## EXERCISE GOAL
Somewhere below, one line contains "여기 보면 제일 위에" and a later line contains "這款鞋子是AAAAA 1:1 質量(非常棒).". Output those two lines and everything between them exactly, and nothing else.

## DATA FOR THIS EXERCISE
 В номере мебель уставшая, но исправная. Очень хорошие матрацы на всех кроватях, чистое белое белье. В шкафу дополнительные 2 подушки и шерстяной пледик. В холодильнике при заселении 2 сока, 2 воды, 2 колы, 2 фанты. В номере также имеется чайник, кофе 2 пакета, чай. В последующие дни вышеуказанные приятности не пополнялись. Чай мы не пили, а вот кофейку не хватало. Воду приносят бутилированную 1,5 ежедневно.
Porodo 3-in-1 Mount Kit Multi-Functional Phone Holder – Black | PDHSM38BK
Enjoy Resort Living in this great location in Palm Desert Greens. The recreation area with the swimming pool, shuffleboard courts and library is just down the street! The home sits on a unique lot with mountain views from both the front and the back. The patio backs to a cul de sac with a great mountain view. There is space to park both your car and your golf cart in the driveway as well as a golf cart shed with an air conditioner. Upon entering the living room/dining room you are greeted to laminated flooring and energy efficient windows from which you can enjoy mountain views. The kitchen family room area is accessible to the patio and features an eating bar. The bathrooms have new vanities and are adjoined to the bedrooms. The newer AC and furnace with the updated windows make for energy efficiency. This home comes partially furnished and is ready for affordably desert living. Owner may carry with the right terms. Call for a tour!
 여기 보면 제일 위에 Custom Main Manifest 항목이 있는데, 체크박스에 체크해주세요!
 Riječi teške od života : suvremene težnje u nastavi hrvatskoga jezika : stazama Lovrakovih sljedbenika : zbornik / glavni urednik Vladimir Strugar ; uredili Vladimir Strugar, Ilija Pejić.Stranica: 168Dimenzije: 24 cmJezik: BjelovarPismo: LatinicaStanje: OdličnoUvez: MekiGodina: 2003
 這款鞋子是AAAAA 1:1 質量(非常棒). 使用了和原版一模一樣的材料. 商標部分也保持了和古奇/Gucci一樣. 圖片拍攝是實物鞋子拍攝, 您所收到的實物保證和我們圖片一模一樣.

--

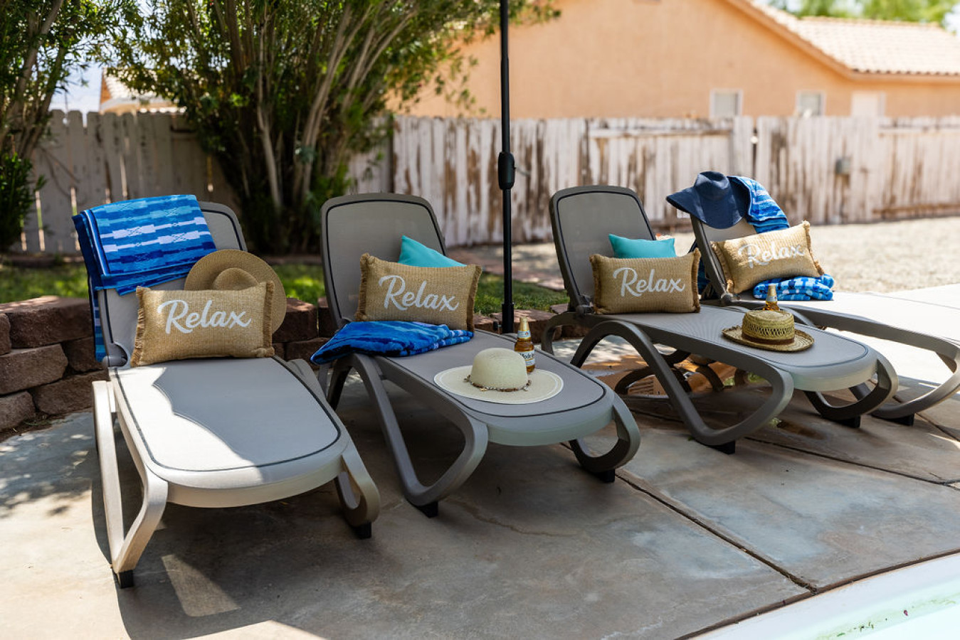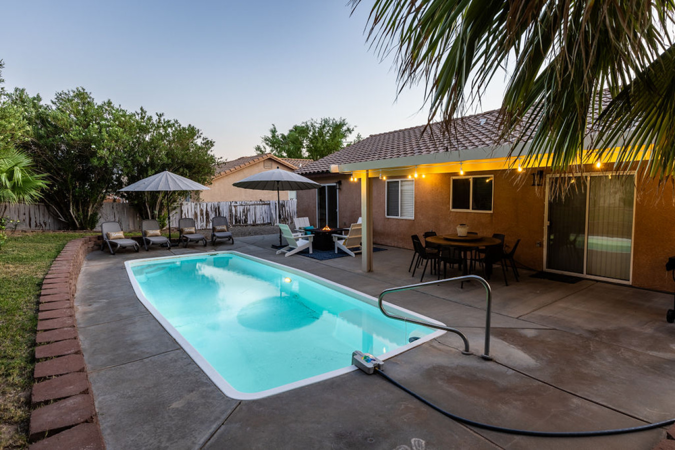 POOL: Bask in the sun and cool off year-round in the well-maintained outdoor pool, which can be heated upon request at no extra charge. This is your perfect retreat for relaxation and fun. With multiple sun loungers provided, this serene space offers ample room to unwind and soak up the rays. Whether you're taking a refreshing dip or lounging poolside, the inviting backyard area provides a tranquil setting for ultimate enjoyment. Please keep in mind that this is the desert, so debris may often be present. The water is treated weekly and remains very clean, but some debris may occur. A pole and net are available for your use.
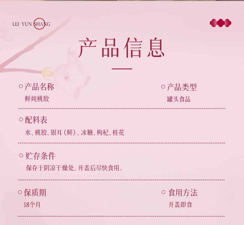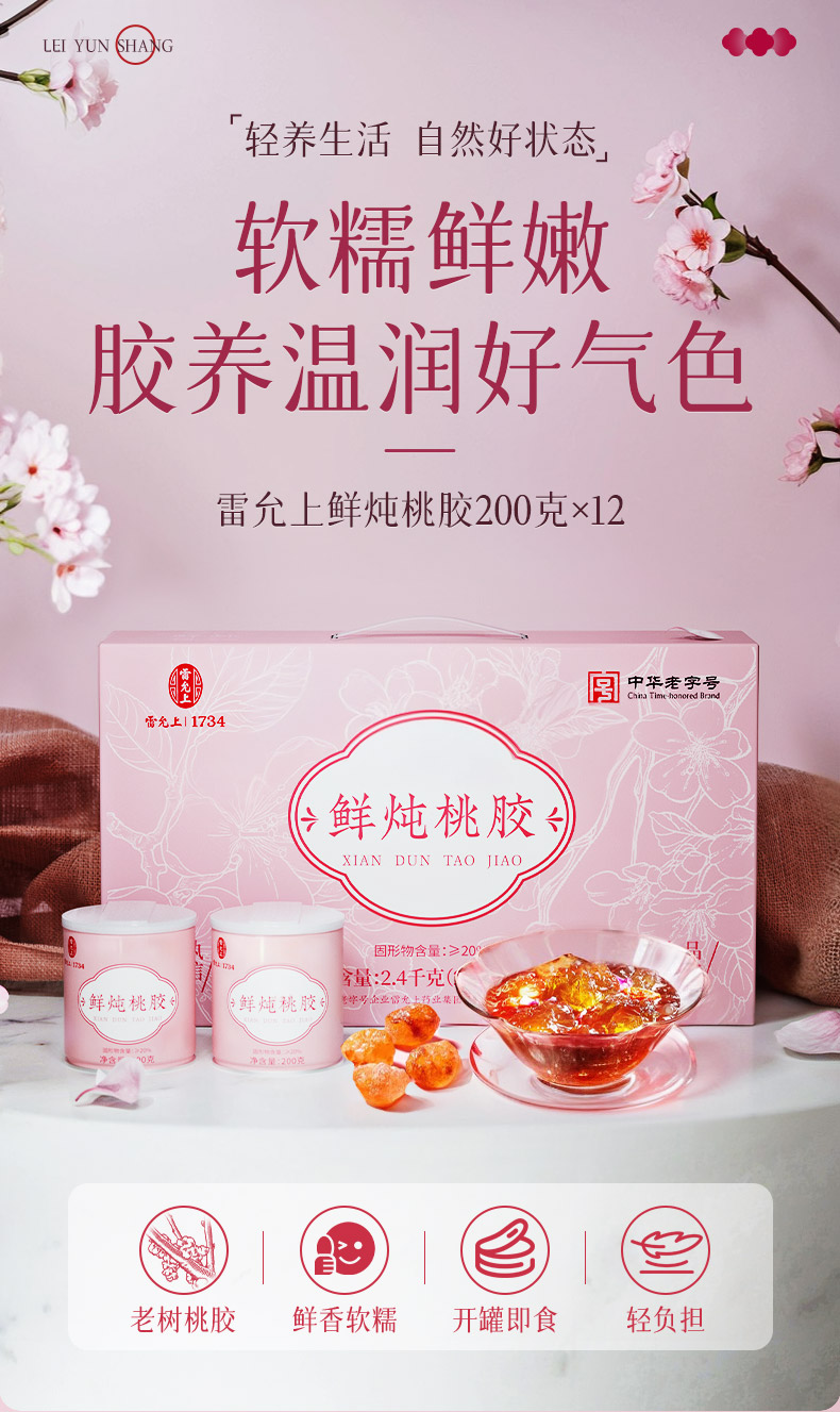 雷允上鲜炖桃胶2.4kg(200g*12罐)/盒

## EXERCISE ANSWER
 여기 보면 제일 위에 Custom Main Manifest 항목이 있는데, 체크박스에 체크해주세요!
 Riječi teške od života : suvremene težnje u nastavi hrvatskoga jezika : stazama Lovrakovih sljedbenika : zbornik / glavni urednik Vladimir Strugar ; uredili Vladimir Strugar, Ilija Pejić.Stranica: 168Dimenzije: 24 cmJezik: BjelovarPismo: LatinicaStanje: OdličnoUvez: MekiGodina: 2003
 這款鞋子是AAAAA 1:1 質量(非常棒). 使用了和原版一模一樣的材料. 商標部分也保持了和古奇/Gucci一樣. 圖片拍攝是實物鞋子拍攝, 您所收到的實物保證和我們圖片一模一樣.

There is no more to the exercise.